> _To do_:
Skip all pictures. Set down only the lines starting at the line containing "Мост через городскую" and running to the end of the listing.

> _Collected data_:
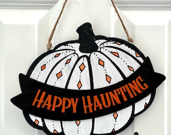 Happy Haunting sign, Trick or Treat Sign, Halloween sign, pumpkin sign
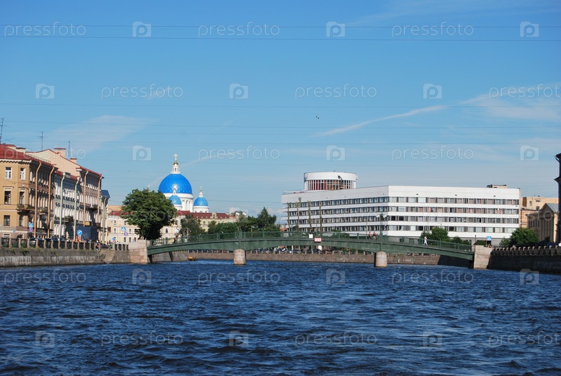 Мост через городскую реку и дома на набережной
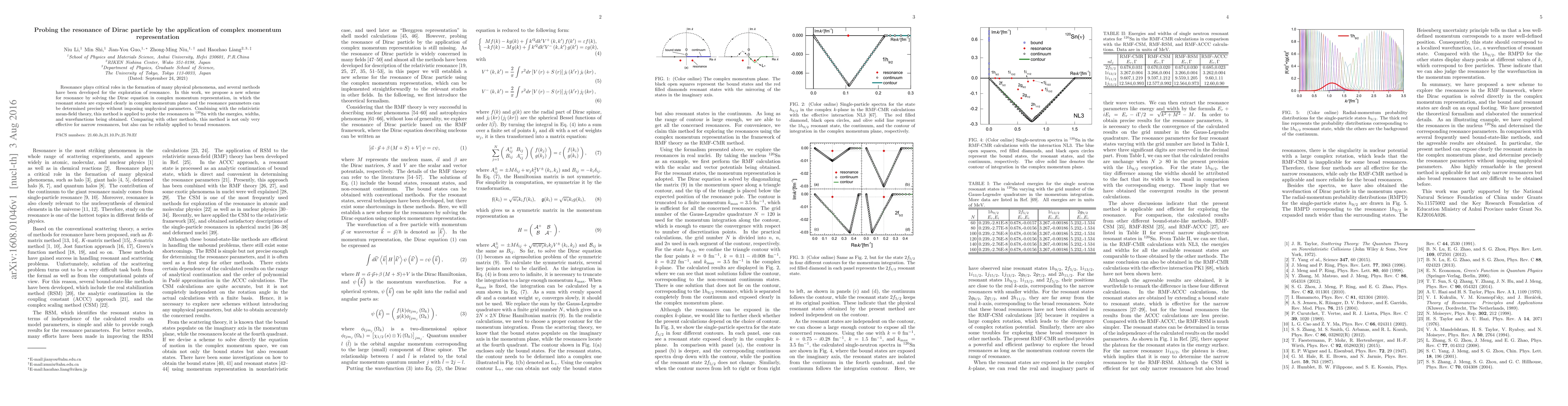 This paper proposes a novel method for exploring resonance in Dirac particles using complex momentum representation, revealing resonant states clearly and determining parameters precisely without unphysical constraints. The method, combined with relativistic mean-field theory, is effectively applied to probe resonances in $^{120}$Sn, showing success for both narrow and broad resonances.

> _Exercise result_:
 Мост через городскую реку и дома на набережной
 This paper proposes a novel method for exploring resonance in Dirac particles using complex momentum representation, revealing resonant states clearly and determining parameters precisely without unphysical constraints. The method, combined with relativistic mean-field theory, is effectively applied to probe resonances in $^{120}$Sn, showing success for both narrow and broad resonances.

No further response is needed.